Norway meanwhile recently brought in legislation that fines retailers if they don’t accept cash, and also advised people to keep some cash on hand in case digital payment systems are attacked.
Nevertheless, Sveriges Riksbank told EuroVerify it’s not abandoning digital payments, and that it’s continuing with its plans to bring in an “e-krona” — a digital version of Sweden’s national currency.
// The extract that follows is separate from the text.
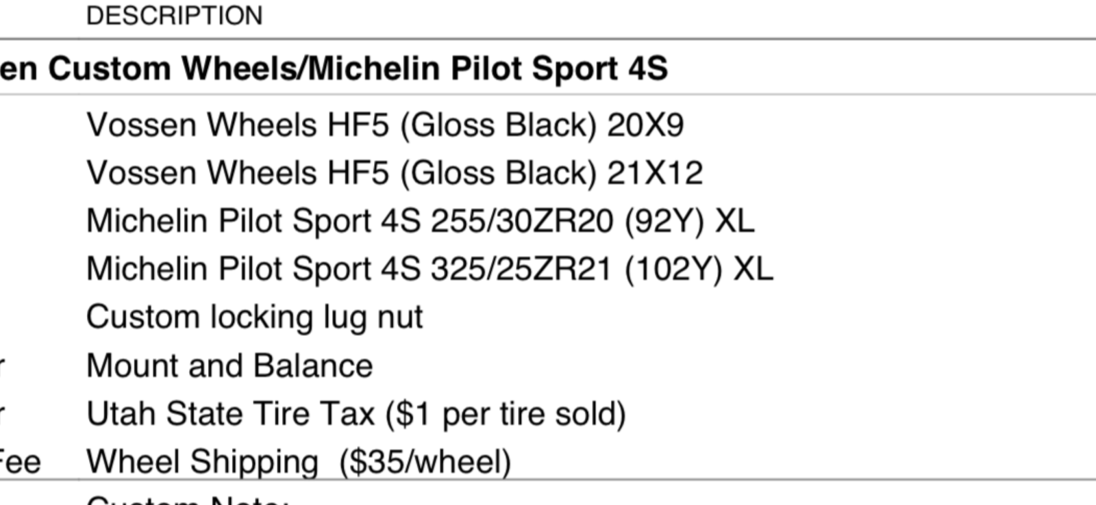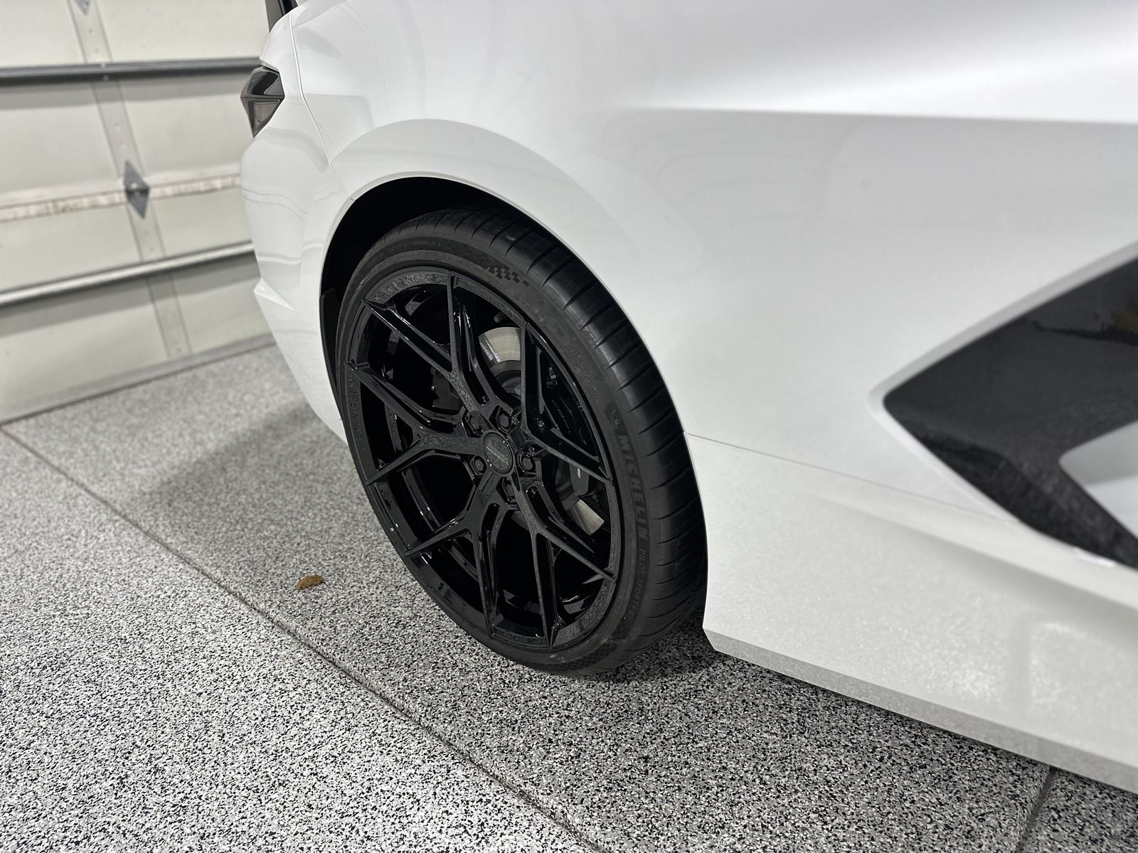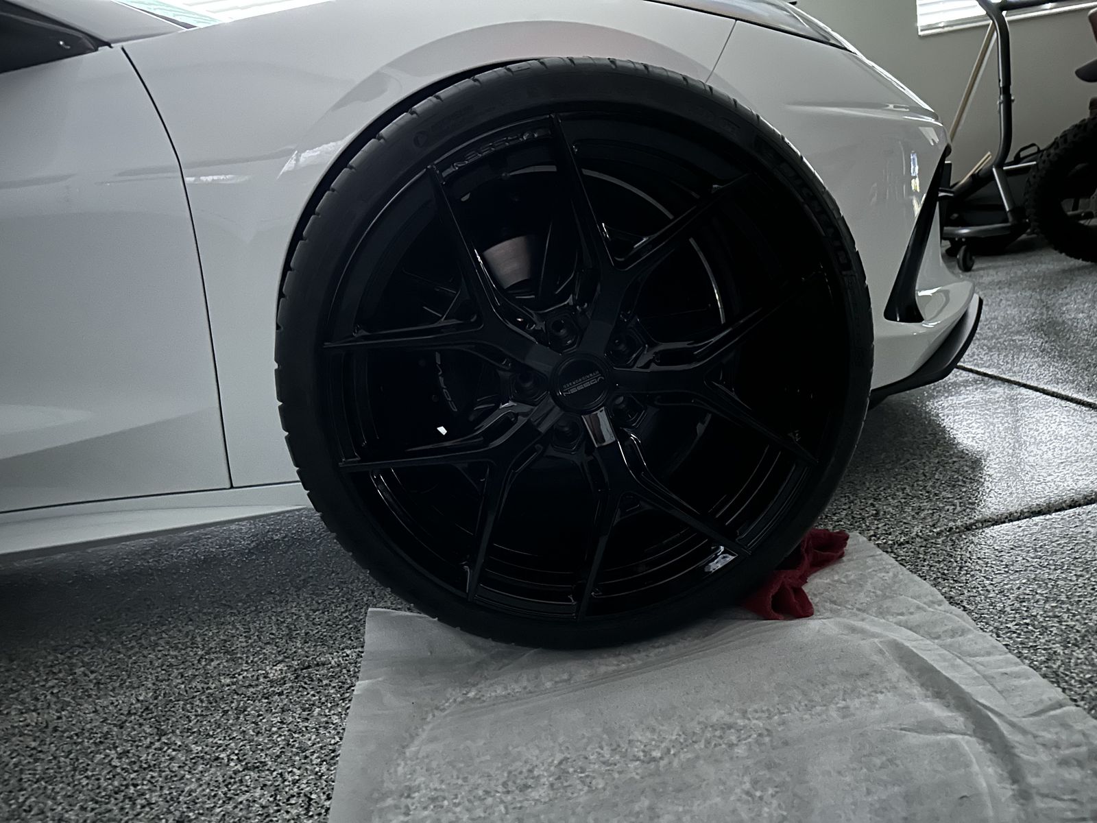 Put 400 miles on tires and then sold car. These are perfect, unblemished. Paid $6,000 for setup. These wheels are amazing, they just don't fit on my new car. They work on C8 Corvette and really dress it up.

Norges Bank, Norway’s central lender, also fully denied the claims that the country wants to move away from an electronic payment system and back to cash.
“Increased use of electronic payment methods has brought great benefits to society as a whole, banks, and their customers,” a spokesperson for the central bank said. “However, there is still a need for cash. Cash is not an end in itself, but has properties and functions that other payment methods and instruments do not have, and which are important to ensure an efficient and secure payment system.”
There’s no evidence that either country is trying to phase out e-money and return to a 100% cash-based society.
The misleading narrative online appears to feed into fears of digital currencies, in particular the digital euro envisaged by the European Central Bank (ECB).
Opponents of the digital euro say it could damage privacy, financial control and security, and even fully supplant cash.
For example, they say that every transaction could be monitored by central authorities, leading to financial surveillance, and that the government would have more control over the currency, opening up the possibility of currency manipulation.
It’s also been suggested that the elderly or those in rural areas could lose out, as they wouldn’t have the same access to digital services as those in more urban areas.
However, the ECB and its president, Christine Lagarde, have repeatedly said that a digital euro would complement cash, not replace it, and that it would be safe, make payments more efficient, and be easy for all to use.
“The use of cash to make payments is declining and the shift towards online shopping and digital payments is accelerating,” the ECB says. “The digital euro would be an electronic form of cash for the digitalised world. It would give consumers the option to use central bank money in a digital format, complementing banknotes and coins.”
“Like cash, the digital euro would be risk-free, widely accessible, user-friendly and free for basic use,” it continues. “Moreover, the digital euro would strengthen the strategic autonomy and monetary sovereignty of the euro area by boosting the efficiency of the European payments ecosystem as a whole, fostering innovation and increasing its resilience to potential cyberattacks or technical disruptions, such as power outages.”